Colorado Earthquakes; http://earthquake.usgs.gov/earthquakes/recenteqsww/Quakes/usc0005idz.php,August 23, 2011.

Definitions

Earthquake - A sudden slipping or movement of a portion of the earth’s crust, accompanied and followed by a series of vibrations.

Modified Mercalli Scale - Developed in 1931 by the American seismologists Harry Wood and Frank Neumann. This scale, composed of 12 increasing levels of intensity that range from imperceptible shaking to catastrophic destruction, is designated by Roman numerals. It does not have a mathematical basis; instead it is an arbitrary ranking based on observed effects)

Lithosphere - On Earth, it comprises the crust and the portion of the upper mantle that behaves elastically on time scales of thousands of years or greater.

Fault - The fracture across which displacement has occurred during an earthquake. The slippage may range from less than an inch to more than 10 yards in a severe earthquake.

Plate tectonics - is a scientific theory that describes the large-scale motions of Earth's lithosphere. The theory builds on the concepts of continental drift, developed during the first decades of the 20th century. It was accepted by the geoscientific community after the concepts of seafloor spreading were developed in the late 1950s and early 1960s.

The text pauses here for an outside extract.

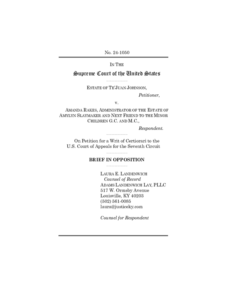 No. 241050 IN THESupreme Court of the United States ___ESTATE OF TEJUAN JOHNSON, Petitioner, v. AMANDA RAKES, ADMINISTRATOR OF THE ESTATE OF AMYLYN SLAYMAKER AND NEXT FRIEND TO THE MINOR CHILDREN

Magnitude - The amount of energy released during an earthquake, which is computed from the amplitude of the seismic waves. A magnitude of 7.0 on the Richter scale indicates an extremely strong earthquake. Each whole number on the scale represents an increase of about 30 times more energy released than the previous whole number represents. Therefore, an earthquake measuring 6.0 is about 30 times more powerful than one measuring 5.0.

Seismic Waves - Vibrations that travel outward from the earthquake fault at speeds of several miles per second. Although fault slippage directly under a structure can cause considerable damage, the vibrations of seismic waves cause most of the destruction during earthquakes.